Когда нет слов, есть тишина. Или вой. Звук без определенной формы. Так что Герман Янцен описывает то, что описанию не поддается. Есть такие звуки, которые на бумаге не запишешь.
И все же он пытается, как может. Вот, например, его короткое и простое описание: красавец Абрам. За этой фразой кроется, как на мгновение останавливаются при входе в дом несущие тело, как кладут его на постель. Словами это не описать, зато они образуют зияние — всего на мгновение создают дыру во времени, сквозь которую просачивается боль тех людей.
Разве не чудо, что словами можно запустить какой-то механизм в чужом теле? Вот человек пишет нескладные, обрывочные строки в Германии 1950 года, а семьдесят лет спустя в английском переводе от них перехватывает дыхание у женщины в автобусе.
Охваченная скорбью и болезнями Невестная община продолжала собираться каждое воскресенье на вечерю, пир любви. Вслух зачитывали письма от Клааса Эппа. Он призывал путников идти дальше, настаивая, что истинный их дом ждет далеко на Востоке, в сказочном Шар-и-Сабзе, Морковной долине, Шахрисабзе. Дойти туда можно только через Бухару, и они были предупреждены, что эмир их не пустит. Однако Эпп цитировал Откровение 3:8: «Вот, Я отворил перед тобою дверь».
Дверь отворенная — «и никто не может затворить ее»[20]. Дыхание перехватывает даже от самого языка.
«Притормози, притормози!» — командует Фрэнк. Автобус жмется в тень, отбрасываемую скалой. «Вот, должно быть, те самые горы, описанные в мемуарах Элизабет Унру», — поясняет наш историк, воодушевленно выгоняя нас из автобуса. «Горы» — это, пожалуй, громко сказано. Перед нами крутые скалистые холмы, черные от граффити и усеянные битым стеклом. Выше склоны поросли каким-то серебристозеленым растением с запахом шалфея, на ощупь колючим. Мы гадаем, что же это, наперебой вспоминая английские и русские названия. Холид упоминает, что оно используется для обеззараживания в народной медицине. Я размышляю о целительском искусстве, в частности о статье Уолтера Фризена «Паломничество как исцеление», лежащей у меня в рюкзаке. В этом очерке Фризен говорит, что паломничество — разновидность духовного упражнения, которое позволяет мозгу «заново переподключать и воссоединять ткани, органы, память и знания тела». Я наблюдаю, как Мика, самый юный из нашей компании, студент колледжа, путешествующий с отцом, карабкается по холму, пока его синяя рубашка не исчезает на другой стороне. Когда приходит время возвращаться в автобус, Мику приходится выкликать. Паломничество — это всегда рассказ о поиске: у него есть четкая траектория, форма. В передвижениях при этом есть и доля случайности. Уолтер Фризен задается вопросом: «Каковы вероятные условия паломничества, придающие ему такую целостность?»

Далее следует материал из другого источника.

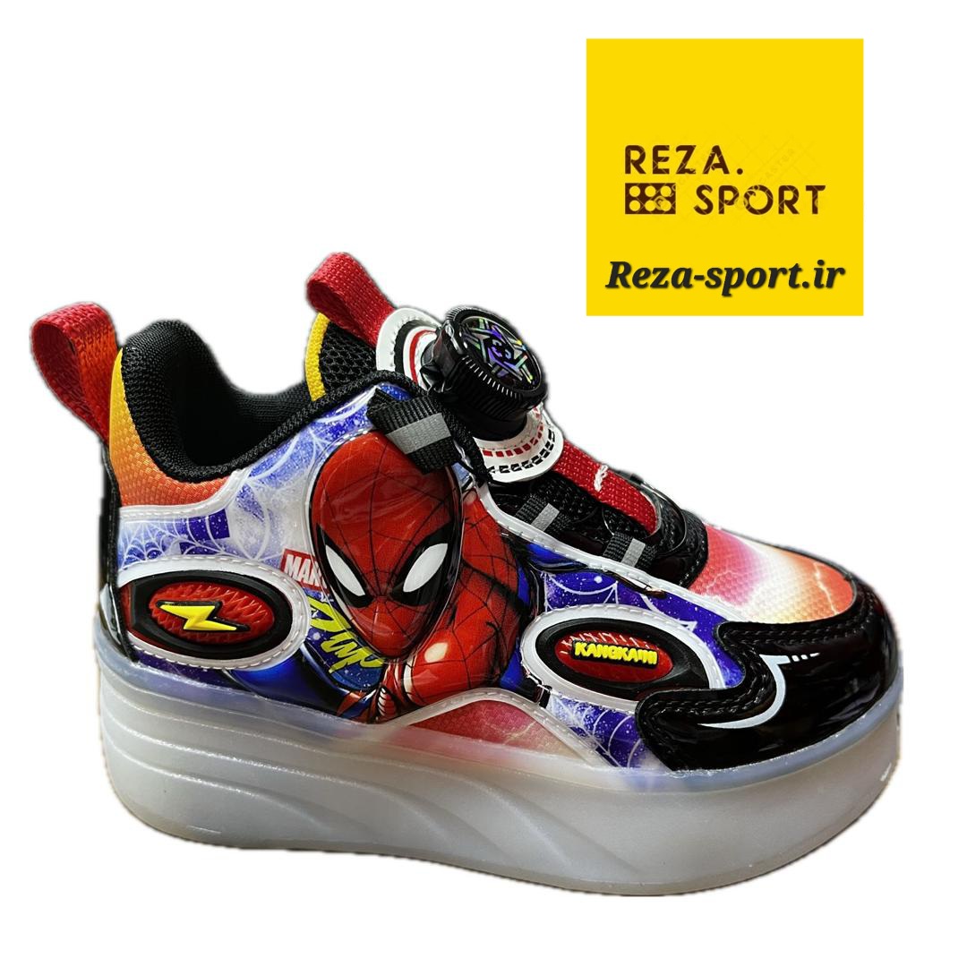 کفش اسکیتی چراغ دار وارداتی طرح مرد عنکبوتی چهارچرخ سایز ۲۸ تا ۳۵

У меня нет ответа. Я чувствую себя брошенной на произвол судьбы, как выпущенный на скалистый простор подросток, в глазах которого каждый холмик представляется горой. В автобусе Фрэнк передает микрофон Лоис, жене Арни, правнучке Элизабет Унру. Фрэнк просит ее почитать вслух воспоминания Элизабет, и мы слушаем истории исцеления, пока наш автобус проплывает по летним хлопковым полям, сквозь зелень столь беспредельную, что кажется, будто она плавно переходит в небо, растворяясь оливковой дымкой за волнистой линией телефонного кабеля. Лоис читает о народной медицине. Мать Элизабет была знахаркой и, как того требовало ее ремесло, отнюдь не кисейной барышней. Однажды после крушения фургона она лечила пострадавшего, смочив слюной его выпавший глаз и вставив его обратно в глазницу. В ее арсенале был камень с целебными свойствами, называемый кровавым камнем. С его помощью она исцелила человека, получившего тяжелые травмы в каменоломне: камень она натерла уксусом и дала ему выпить стекшую жидкость. «Это вызвало рвоту, — поясняет Элизабет, — а с ней вышла и вся кровь, скопившаяся в легких».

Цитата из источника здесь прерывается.